- Relator(a)
- Ministro Og Fernandes
- Órgão julgador
- Sexta Turma
- Data do julgamento
- 13/05/2025
- Data de publicação
- 20/05/2025
STJ – Acórdão, Rel. Ministro Og Fernandes, Sexta Turma, j. 13/05/2025, p. 20/05/2025
PROCESSUAL PENAL. AGRAVO REGIMENTAL NO HABEAS CORPUS. TRÁFICO DE DROGAS. CONVERSÃO DA PRISÃO EM FLAGRANTE EM PREVENTIVA DE OFÍCIO. MANIFESTAÇÃO DO MINISTÉRIO PÚBLICO PELA APLICAÇÃO DAS MEDIDAS CAUTELARES PREVISTAS NO ART. 319 DO CÓDIGO DE PROCESSO PENAL. AUSÊNCIA DE ILEGALIDADE. PRISÃO PREVENTIVA. GARANTIA DA ORDEM PÚBLICA. GRAVIDADE CONCRETA. MEDIDAS CAUTELARES DIVERSAS. IMPOSSIBILIDADE. AGRAVO REGIMENTAL IMPROVIDO. 1. Não se desconhece o entendimento de que, "em razão do advento da Lei n. 13.964/2019, não é mais possível a conversão de ofício da prisão em flagrante em prisão preventiva. Interpretação conjunta do disposto nos arts. 3º-A, 282, § 2º, e 311, caput, todos do CPP" (RHC n. 131.263/GO, relator Ministro Sebastião Reis Júnior, Terceira Seção, julgado em 24/2/2021, DJe de 15/4/2021). 2. Contudo, conforme a jurisprudência do Superior Tribunal de Justiça, "é possível ao magistrado decretar medida cautelar diversa daquela requerida pelo Ministério Público, o que não representa atuação ex officio" (AgRg no HC n. 846.420/AL, relatora Ministra Laurita Vaz, Sexta Turma, julgado em 2/10/2023, DJe de 5/10/2023).

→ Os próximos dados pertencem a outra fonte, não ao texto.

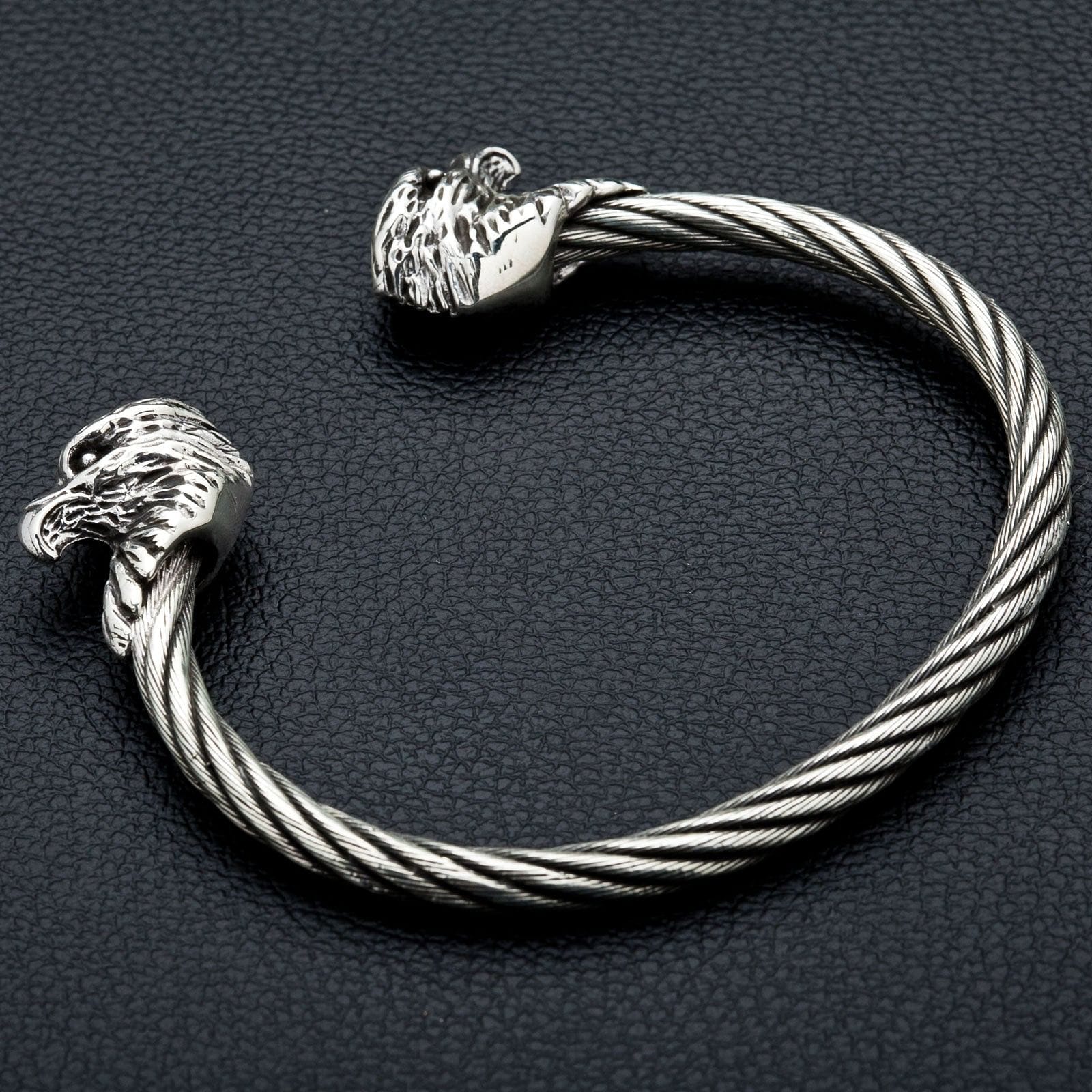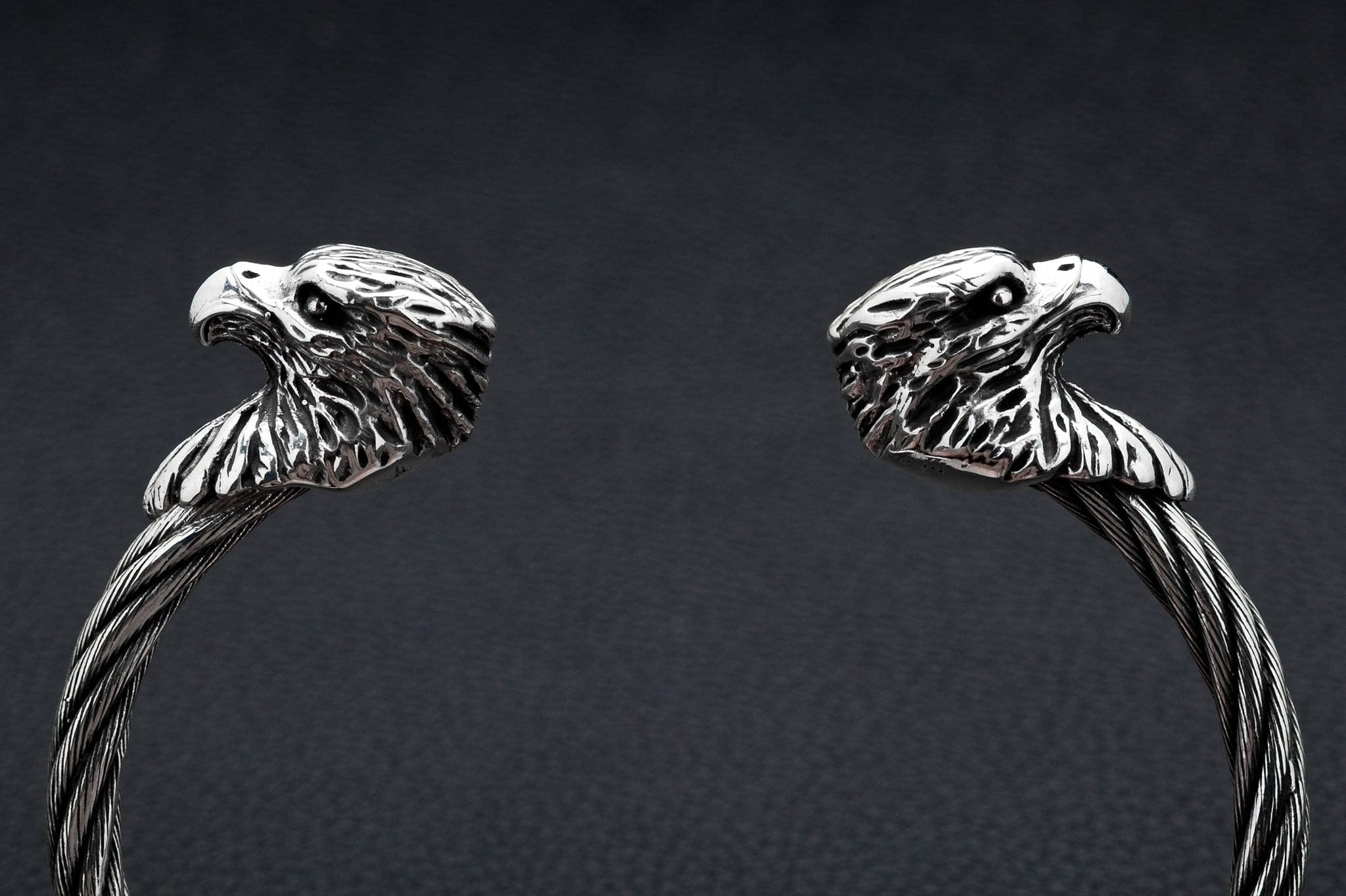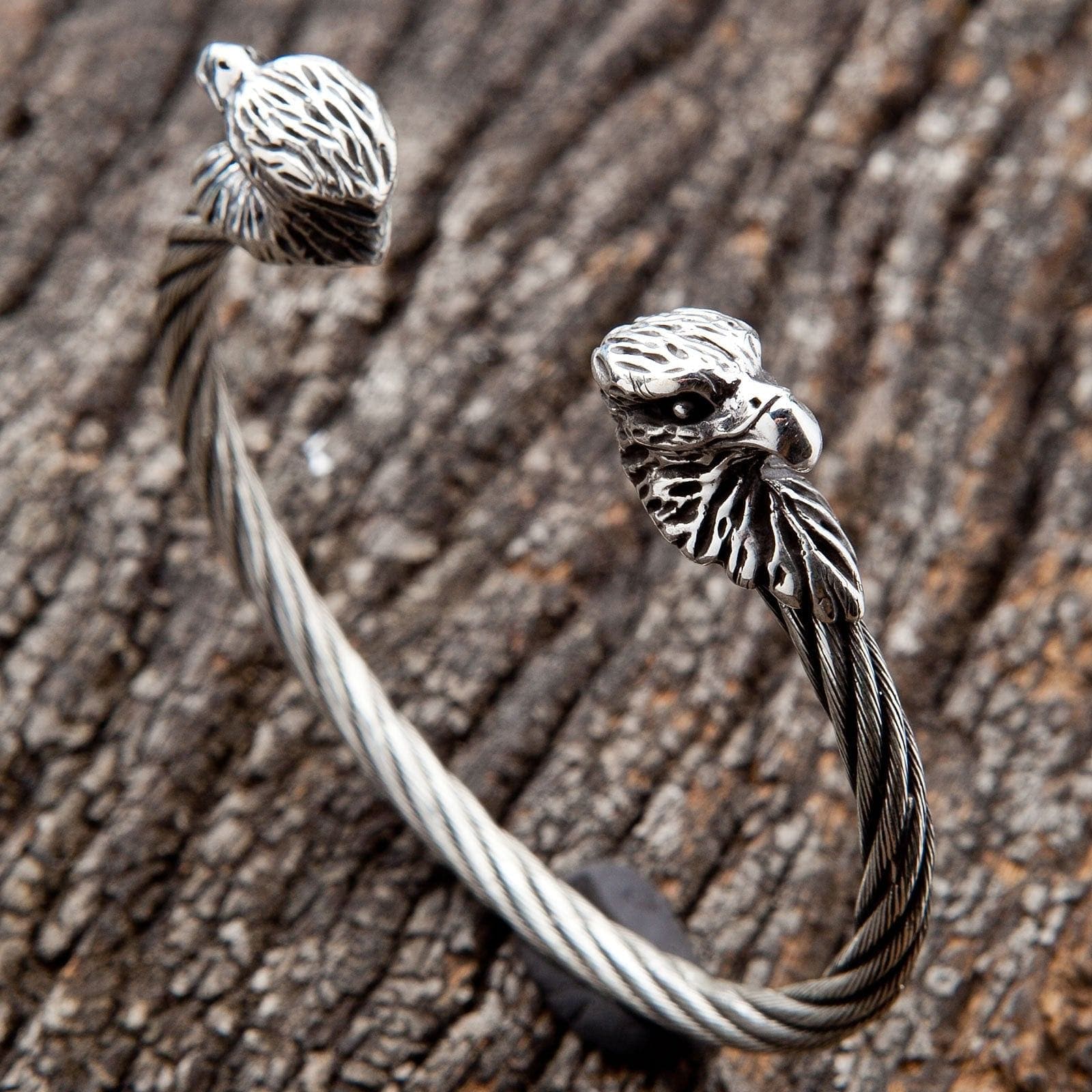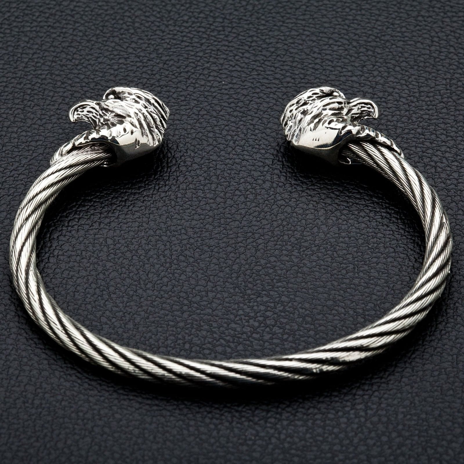 Tämän rannekorun nerokkuus piilee luonnollisen ja teollisen vahvassa yhdistämisessä. Rungon muodostaa paksu, tumma kierretty ruostumattomasta teräksestä valmistettu vaijeri, joka symboloi modernia voimaa ja murtumatonta päättäväisyyttä. Kummassakin päässä on virheettömästi kiillotetut kotkan päät, jotka on taidokkaasti valmistettu massivisesta 925 sterling-hopeasta uskomattoman yksityiskohtaisine höyhenineen. Upea kaksivärinen kontrasti yhdistää teräksen rouhean, tumman pinnan ja jalometallin kirkkaan loiston. Kaksoiskotkat, vapauden, rohkeuden ja tarkan näkemyksen ylivertaiset symbolit, seisovat ylpeinä ranteellasi. Painoa tällä avoimella, säädettävällä rannekorulla on vaikuttavat 44 grammaa, ja sen auktoriteettinen olemus sekä näkyy että tuntuu.

Ausente, portanto, a ilegalidade arguida. 3. A prisão preventiva pode ser decretada antes do trânsito em julgado da sentença condenatória desde que estejam presentes os requisitos previstos no art. 312 do CPP. 4. A custódia cautelar está suficientemente fundamentada na necessidade de garantir a ordem pública, em razão do risco concreto de reiteração delitiva, pois, segundo consignado pelo Juízo de primeiro grau, o paciente praticou o crime em apuração após ter sido beneficiado recentemente com liberdade provisória em outro feito também relativo ao crime de tráfico de drogas. 5. No mais, mostra-se indevida a aplicação de medidas cautelares diversas da prisão, quando a segregação encontra-se fundada na gravidade efetiva do delito, indicando que as providências menos gravosas seriam insuficientes para acautelar a ordem pública. 6. Agravo regimental improvido. (AgRg no HC n. 993.870/PR, relator Ministro Og Fernandes, Sexta Turma, julgado em 13/5/2025, DJEN de 20/5/2025.)